WHAT TO WORK ON: Could you print the stretch of lines below from the one with "2023年2月,朝陽榮獲三一" through the one with "新規採用の中止 | 4月13日以降、海外からの新規呼び寄せや、留学生からの資格変更による採用は事実上不可能になります。 |", exactly as they stand and without any pictures?

DATA:
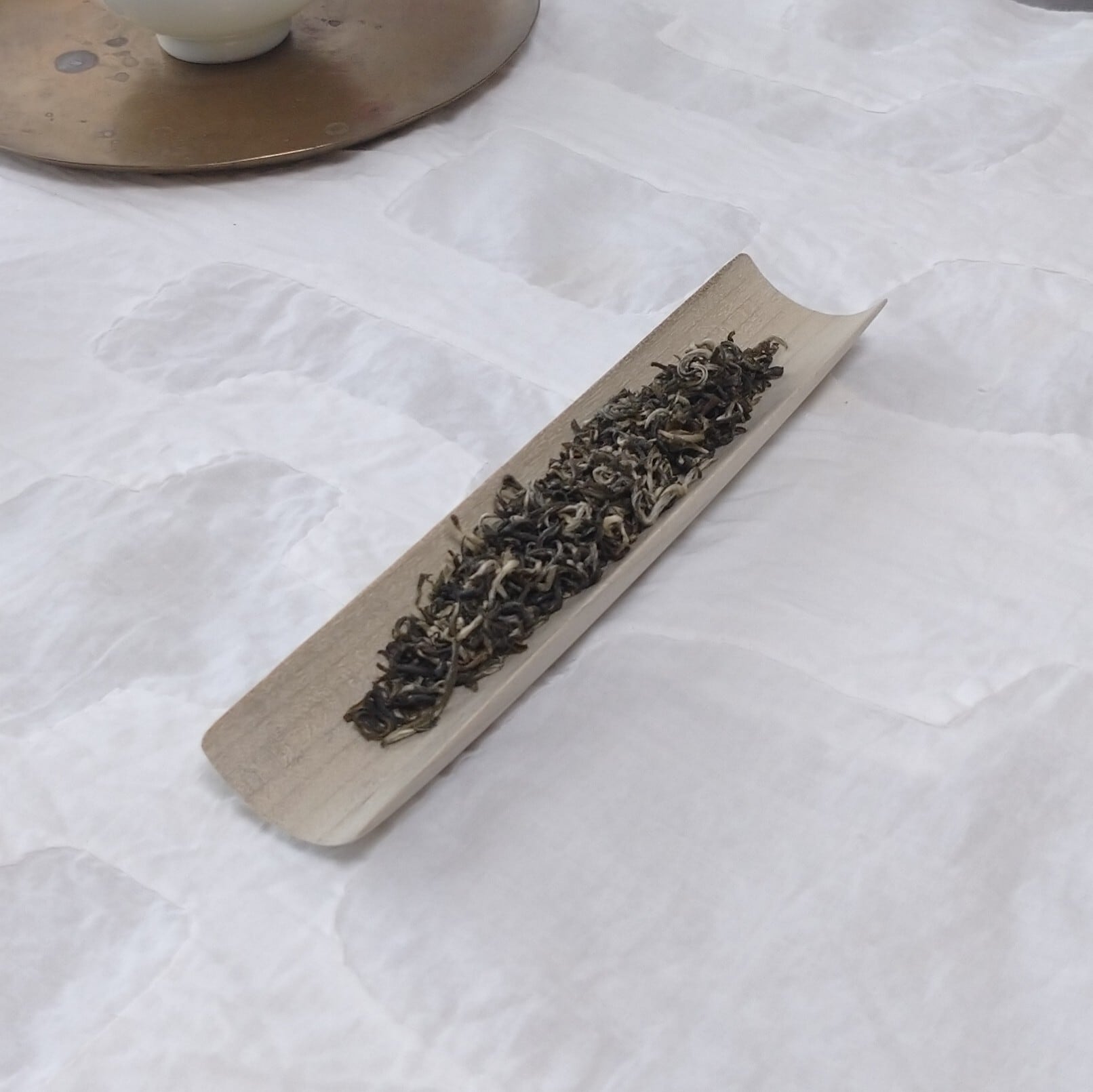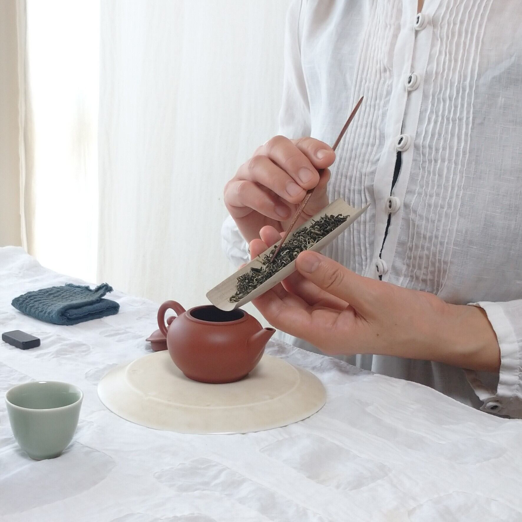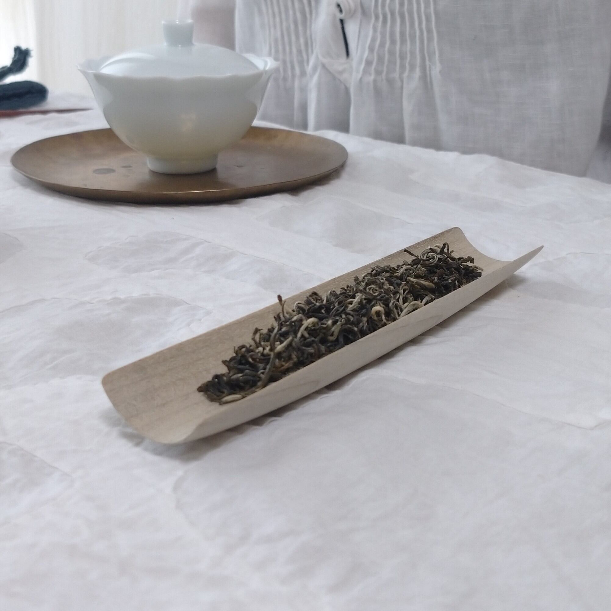 丸まった茶葉や小さめの茶葉を載せるのにぴったりです (写真では梔子雪芽を3g載せています)。
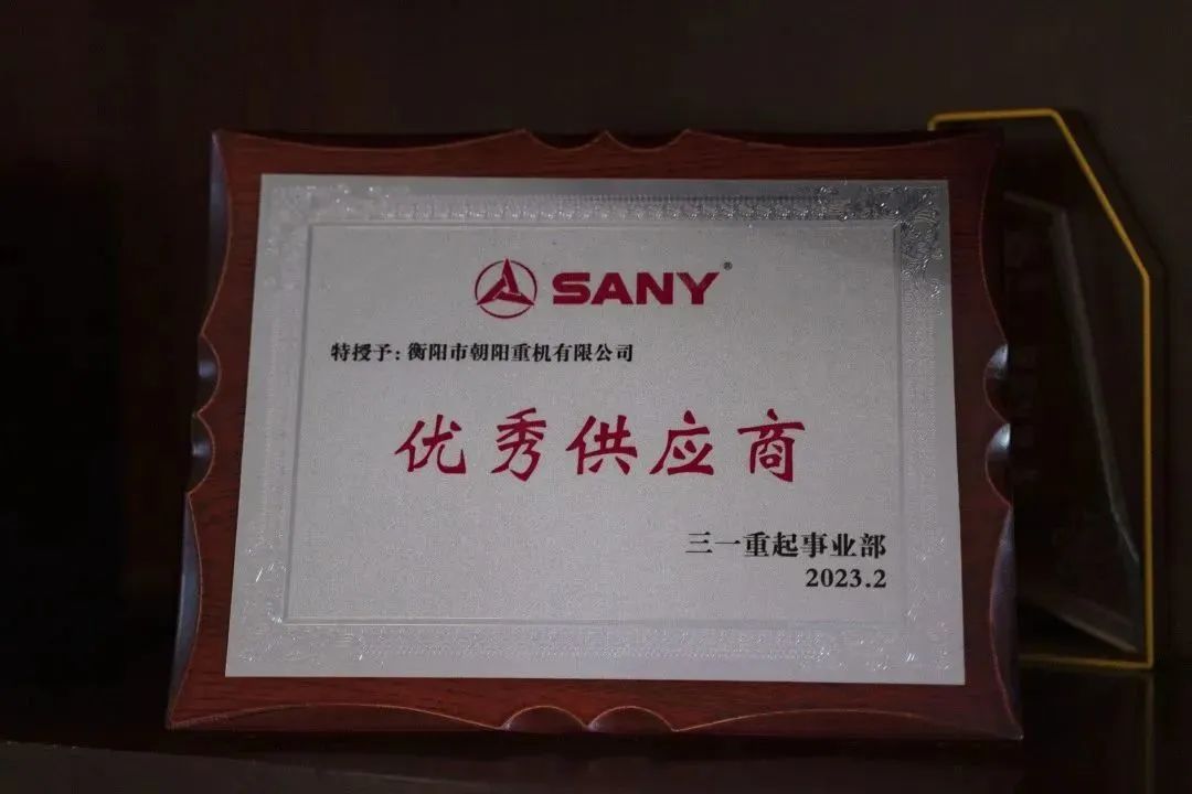 2023年2月,朝陽榮獲三一重起事業(yè)部頒發(fā)的“優(yōu)秀供應商”獎牌。這不僅是對朝陽技術研發(fā)能力的認可,更是對朝陽作為合作伙伴的絕對信任。朝陽將秉承“嚴格工藝操作,確保產品質量”的原則,始終保持技術生產水平,為三一供應優(yōu)質的高密度配重塊。
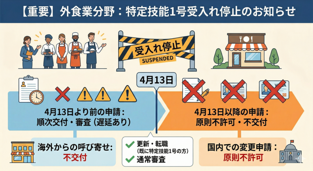 | 新規採用の中止 | 4月13日以降、海外からの新規呼び寄せや、留学生からの資格変更による採用は事実上不可能になります。 |
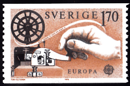 In Schweden erschienen die Europamarken 1979 zum Gemeinschaftsthema "Geschichte des Post- und Fernmeldewesens" am 7. Mai 1979. Hier die Marke zu 1,70 Kronen mit der Abbildung einer Hand bei der Bedienung eines Morseapparates. Die Auflage betrug 7 586 000 Stück.
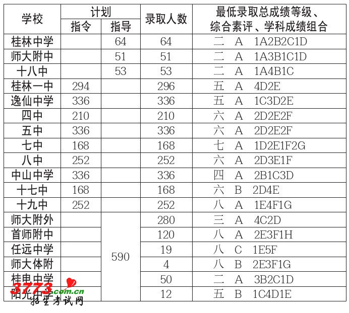 第二时段招生中,市区3所示范性普通高中和9所非示范性公办普通高中均完成招生计划。一中由于该校最低录取等级有3人成绩并列,因此根据中考招生方案要求,3人一并录取。此外,首师大附中和桂电附中两所民办高中也完成了招生计划。(根据报名情况当天自动形成的各学校招生录取情况如左表)

PROBLEM SOLUTION:
 2023年2月,朝陽榮獲三一重起事業(yè)部頒發(fā)的“優(yōu)秀供應商”獎牌。這不僅是對朝陽技術研發(fā)能力的認可,更是對朝陽作為合作伙伴的絕對信任。朝陽將秉承“嚴格工藝操作,確保產品質量”的原則,始終保持技術生產水平,為三一供應優(yōu)質的高密度配重塊。
 | 新規採用の中止 | 4月13日以降、海外からの新規呼び寄せや、留学生からの資格変更による採用は事実上不可能になります。 |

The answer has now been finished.